*** Source material ***
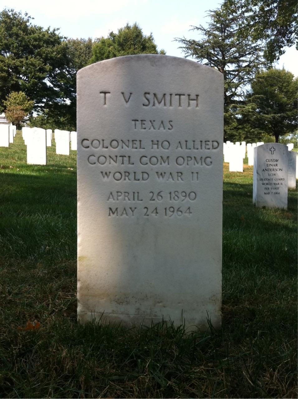 Grave of Thomas Vernor Smith at Arlington National Cemetery
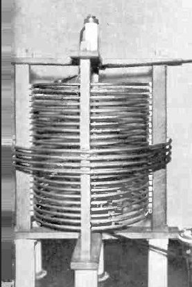 An antenna tuning inductor on the output stage of the transmitter of AM radio station WOR (AM) in New York City in 1935, which broadcast on 710 kHz at a power of 50 kW. From an advertisement in an electronics magazine. It shows typical construction used in high Q high power radio frequency coils. Since radio frequency currents flow on the surface of conductors due to skin effect, to reduce resistance the coil is made of large surface area copper tubing. To reduce proximity effect losses the windings consist of a single layer, with the turns spaced apart. To reduce dielectric losses the coil is suspended in air, supported by thin ceramic insulator strips.
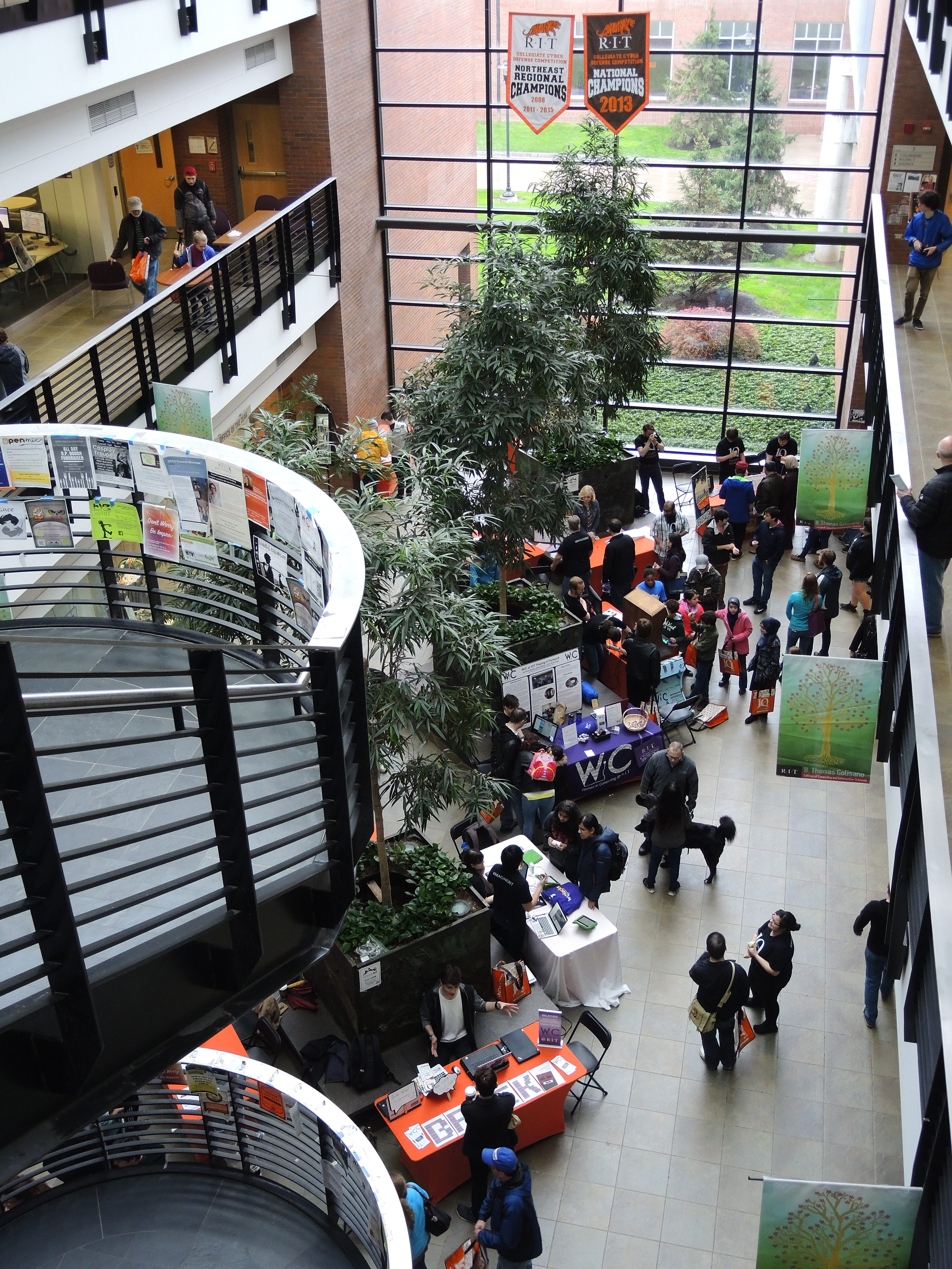 B. Thomas Golisano College of Computing and Information Sciences atrium full of vistors at Imagine RIT 2017.
***
- _Problem to solve_:
All of the preceding material should be output verbatim, with the pictures excluded.

- _Answer to the problem_:
 Grave of Thomas Vernor Smith at Arlington National Cemetery
 An antenna tuning inductor on the output stage of the transmitter of AM radio station WOR (AM) in New York City in 1935, which broadcast on 710 kHz at a power of 50 kW. From an advertisement in an electronics magazine. It shows typical construction used in high Q high power radio frequency coils. Since radio frequency currents flow on the surface of conductors due to skin effect, to reduce resistance the coil is made of large surface area copper tubing. To reduce proximity effect losses the windings consist of a single layer, with the turns spaced apart. To reduce dielectric losses the coil is suspended in air, supported by thin ceramic insulator strips.
 B. Thomas Golisano College of Computing and Information Sciences atrium full of vistors at Imagine RIT 2017.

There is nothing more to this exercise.